**What to do**
The line containing "交通事故治療:年末年始行っています!!! お知らせ 2024年12月28日" marks the start; extract exactly from it through the last line of the entries, and omit any pictures.

= Beginning of Section =

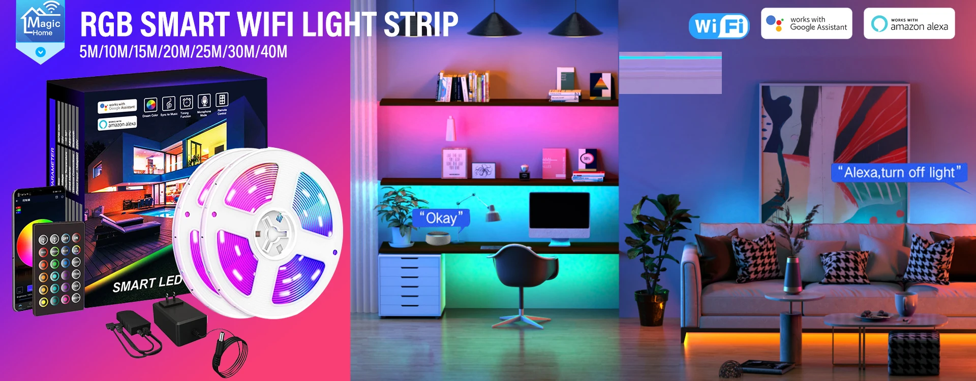 【التحكم الصوتي 】 مصابيح النيون متوافقة مع أليكسا ومساعد جوجل ، وعلى ضوء تشغيل/إيقاف ، وضبط السطوع ، وتغيير اللون مع أوامر صوتية بسيطة. إذا كنت تستخدم للتحكم الصوتي ، وسوف تستمتع الاضواء الذكية أكثر من ذلك.
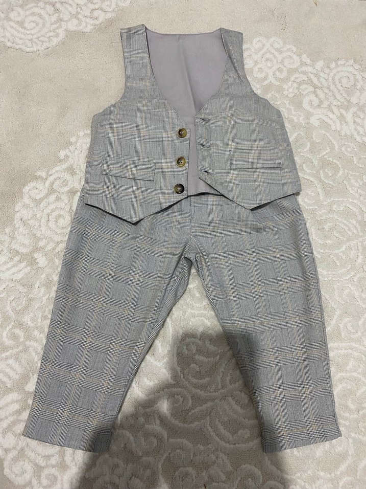 Gri düğmeli, yakalı ve kolsuz çocuk yelek ile uyumlu pantolonlardan oluşan takımdır. Regular fit ve sade desensizdir.
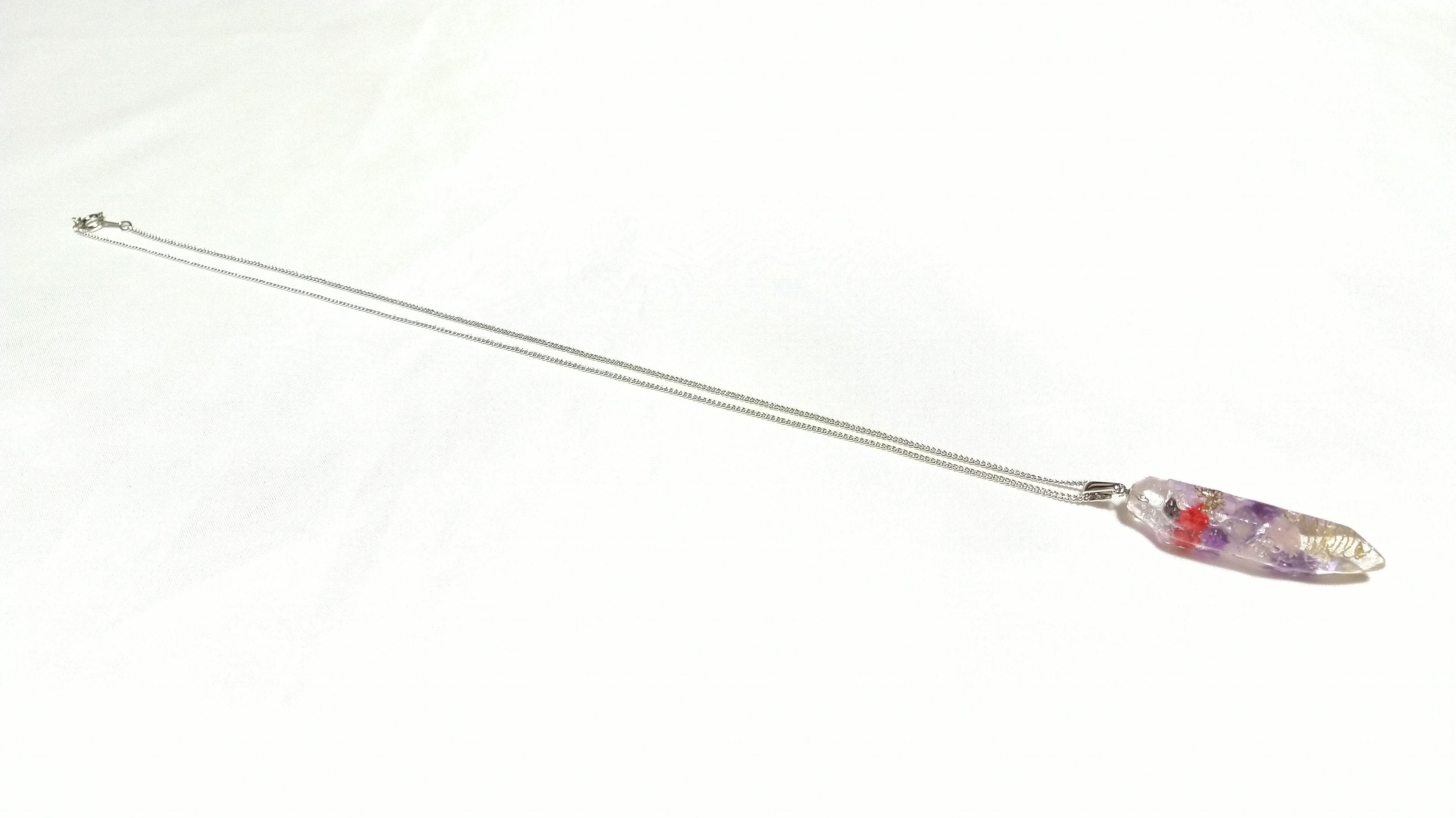 アメジストとローズクォーツのポイント水晶型オルゴナイトパワーペンダント
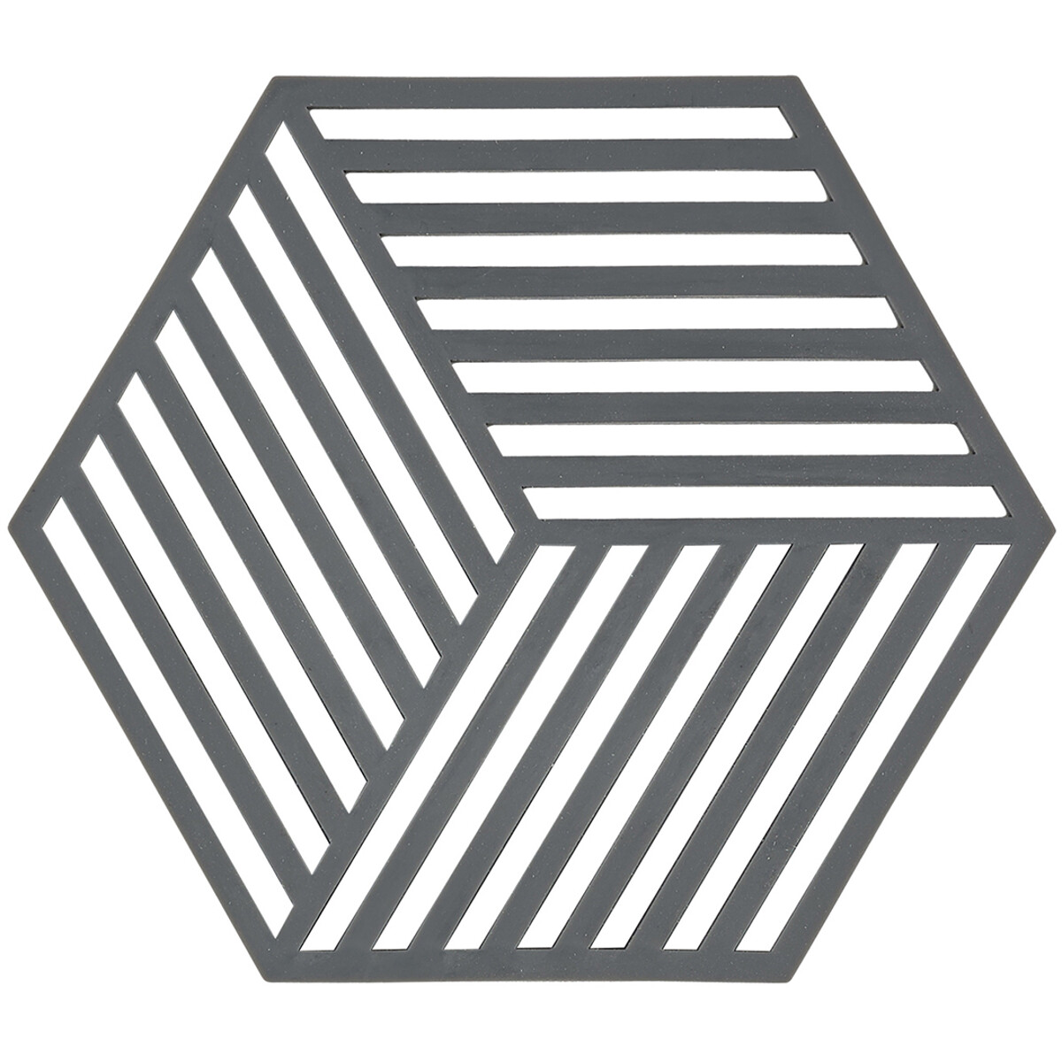 Hexagon grytunderläggen i silikon är så grafiskt dekorativa att de inbjuder att placera ut flera stycken längs med bordets hela längd utan att ställa något på dem. De är värmetåliga upp till 250 °C och kan diskas i diskmaskin. 16 x 14 x 0,9 cm.
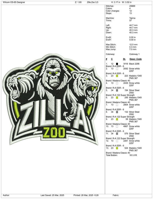 Zilla Zoo Embroidery Design Files - 3 Size's
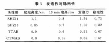 由表1可見:SHZ16的發(fā)泡性比SHZ14差,但穩(wěn)泡性要好于SHZ14,原因可能是隨著泡沫的生成,液體的表面積增加,表面能增加所消耗的能量增加,而且SHZ16的分子比SHZ14的大,那么單個(gè)分子的表面積就大,需要克服表面能消耗的能量也大,因此起泡性要差些而穩(wěn)泡要優(yōu)于SHZ14。
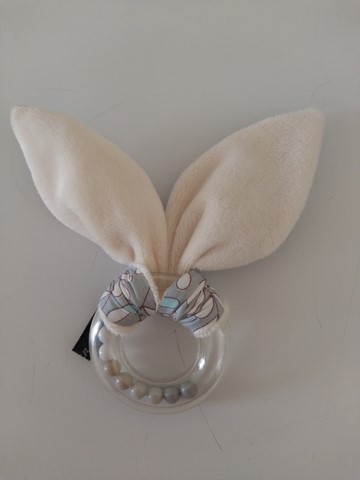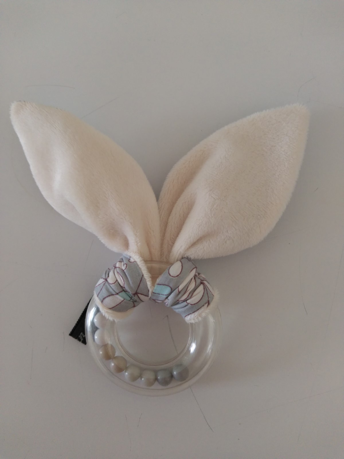 Les oreilles sont réalisées avec du tissu minky écrue et coton imprimé feuilles blanches. L'anneau répond aux normes exigées pour la sécurité des enfants. Le certificat peut être consulté sur demande. Adapté aux enfants. Fait mains.
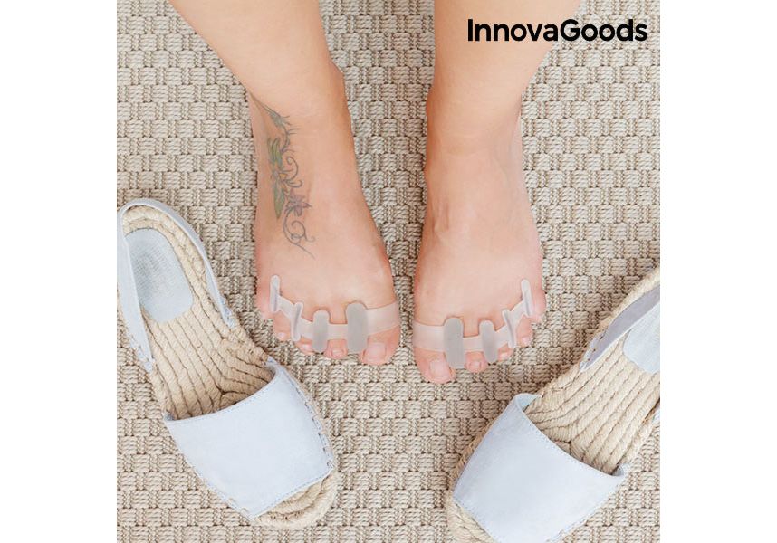 Vous avez besoin de soulager la douleur des pieds et de corrifer la posture de vos orteils ? Nous vous présentons les ppratiques séparateurs d'orteils en gel relaxants InnovaGoods Wellness Care (pack de 2) ! Ils s'adaptent parfaitement à la forme des pieds et sont rès efficaces pour redresser et aligner les orteils en évitant les frottements. De plus, ils aident à la prévention et au soulagement des douleurs occasionnées par les oignons, les orteils en marteau, la fasciite plantaire, les pieds diabétiquess, la mauvaise circulation, l'éperon calcanéen, les orteils en griffe, etc., en offrant une agréable sensation de détente et de bien-être grâce à sa texture en gel.
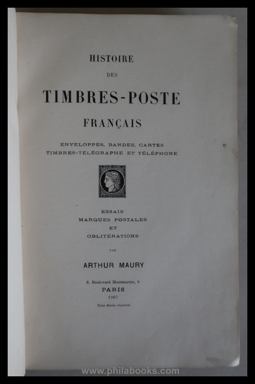 Maury, A., Histoire des Timbres-Poste Francais, Enveloppes, Bandes, Cartes, Timbres-Télgraphe et Téléphone, Essais, Marques Postales et Oblitérations, 1907/08, stamp, postal stationery and stamp handbook, here both parts as a complete edition in full cloth with spine embossing, contains all editions up to 1908, 648 pages with illustrations, very good handbook with many interesting illustrations, with normal signs of age and use without serious defects with firm binding, still in good condition, still a comprehensive reference work today, Crawford 258/1180 #71576
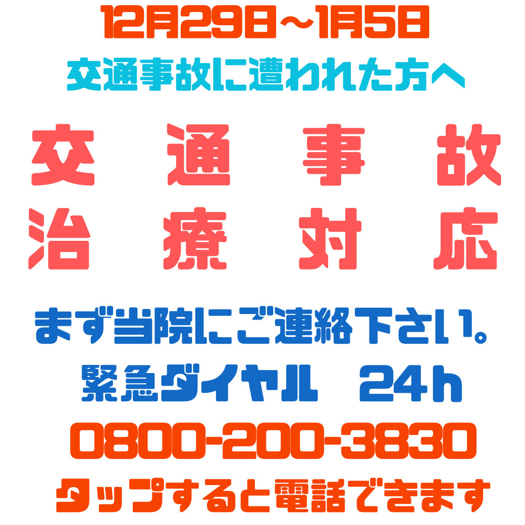 交通事故治療:年末年始行っています!!! お知らせ 2024年12月28日 12月29日~1月5日までお休みとなります。 年末年始で、交通事故に遭われた方は、当院で施術を受けることが出来ますので、 年末年始に関係なく当院にご連絡下さい。 病院は、休診になっていますので、当院で治療を受けることが出来ます。 保険会社に伝えてなくても大丈夫ですので、一度ご連絡下さい。 緊急連絡先:0800-200-3830 当院直通電話となります。 交通事故治療専門ページを見る。 たけうち接骨院専門ホームページ PR
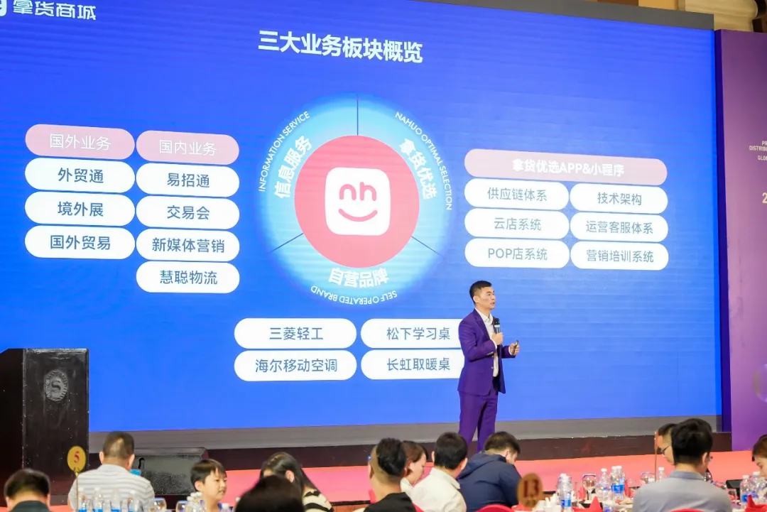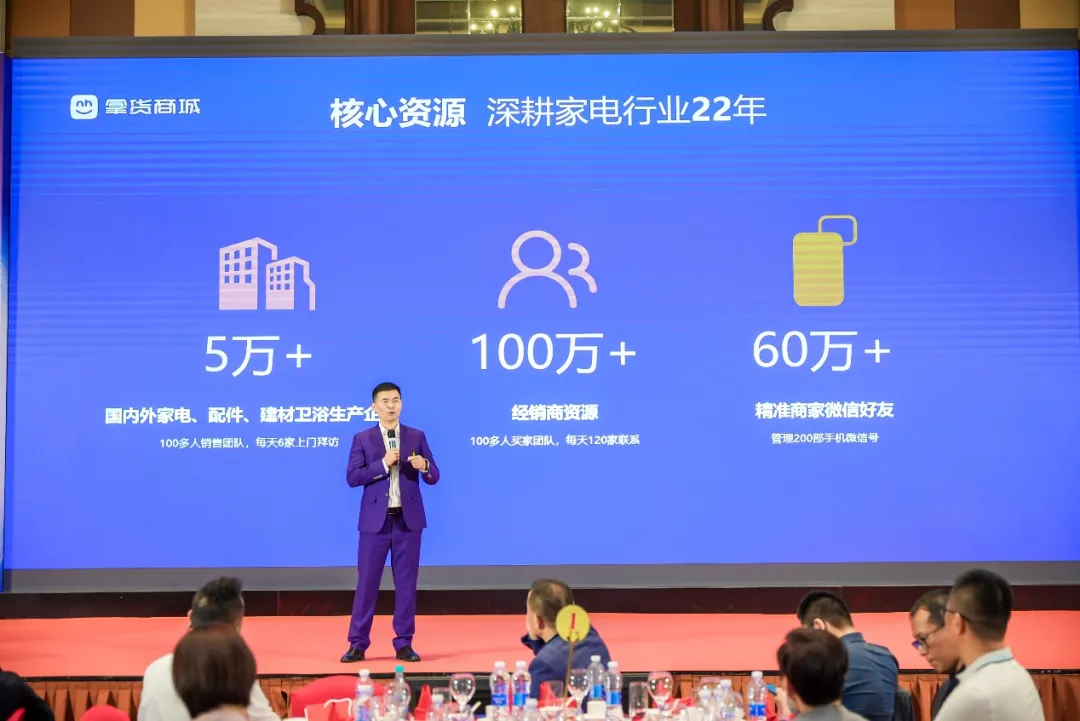 拿货商城创始人兼董事长喻治国介绍了拿货商城从2016年成立至今的发展历程和三年发展规划。拿货商城深耕家电行业22年,拥有国内外家电、配件、建材卫浴生产企业资源5万+,100万+经销商资源,60万+精准商家数据,目前有信息服务、自营品牌、拿货优选APP&小程序三大业务版块。
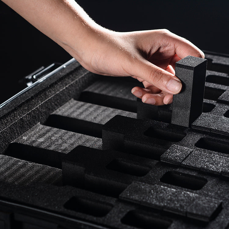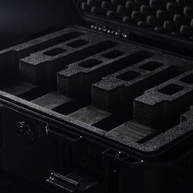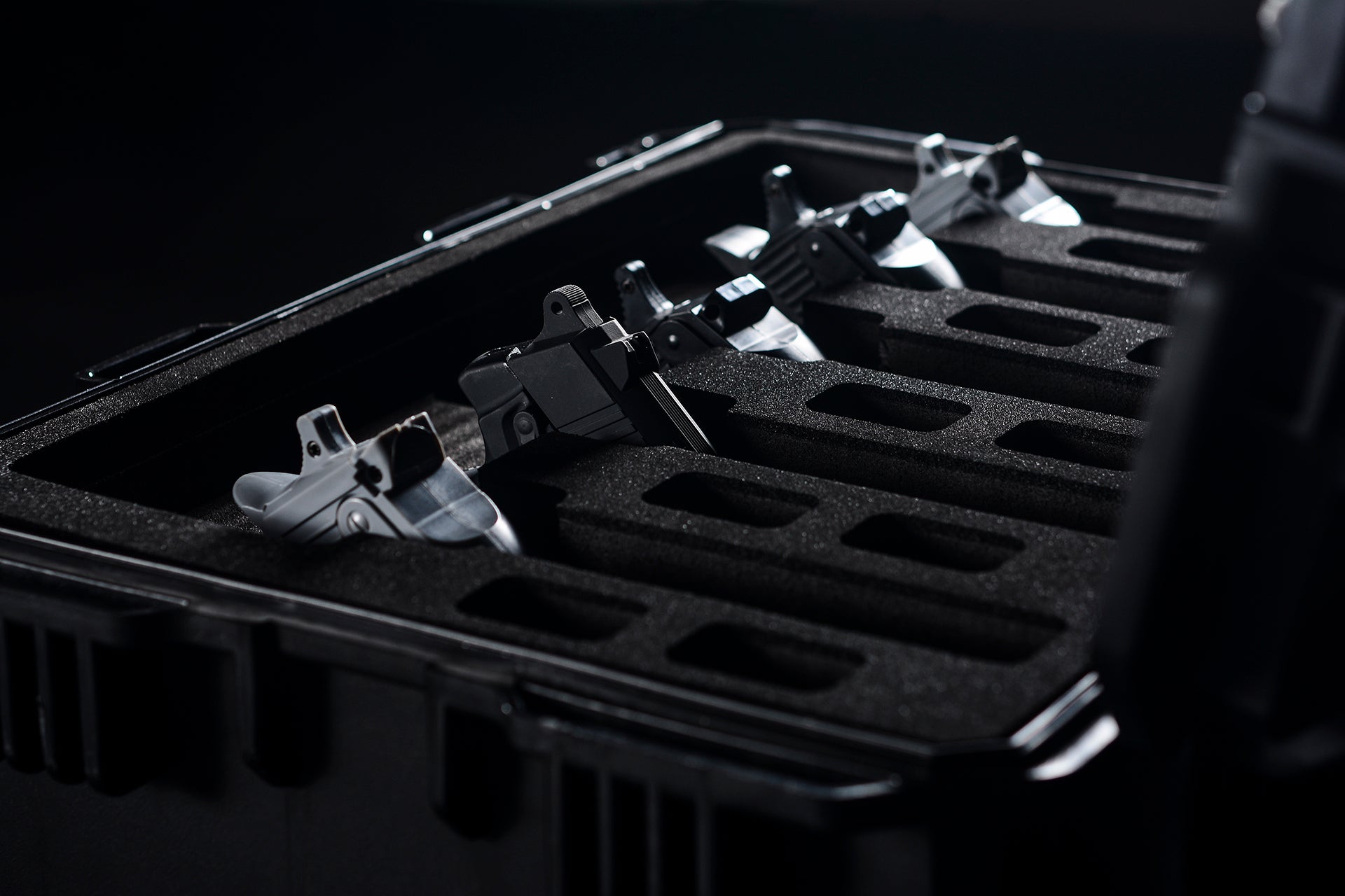 Das Pistolen-Insert aus EVA passt in den RC/RT465 und fasst maximal 5 Pistolen mit jeweils 2 zusätzlichen Magazinen. Mit Stegen können die Pistolenfache an die Pistole angepasst werden.

= End of Section =

**Completed task**
 交通事故治療:年末年始行っています!!! お知らせ 2024年12月28日 12月29日~1月5日までお休みとなります。 年末年始で、交通事故に遭われた方は、当院で施術を受けることが出来ますので、 年末年始に関係なく当院にご連絡下さい。 病院は、休診になっていますので、当院で治療を受けることが出来ます。 保険会社に伝えてなくても大丈夫ですので、一度ご連絡下さい。 緊急連絡先:0800-200-3830 当院直通電話となります。 交通事故治療専門ページを見る。 たけうち接骨院専門ホームページ PR
 拿货商城创始人兼董事长喻治国介绍了拿货商城从2016年成立至今的发展历程和三年发展规划。拿货商城深耕家电行业22年,拥有国内外家电、配件、建材卫浴生产企业资源5万+,100万+经销商资源,60万+精准商家数据,目前有信息服务、自营品牌、拿货优选APP&小程序三大业务版块。
 Das Pistolen-Insert aus EVA passt in den RC/RT465 und fasst maximal 5 Pistolen mit jeweils 2 zusätzlichen Magazinen. Mit Stegen können die Pistolenfache an die Pistole angepasst werden.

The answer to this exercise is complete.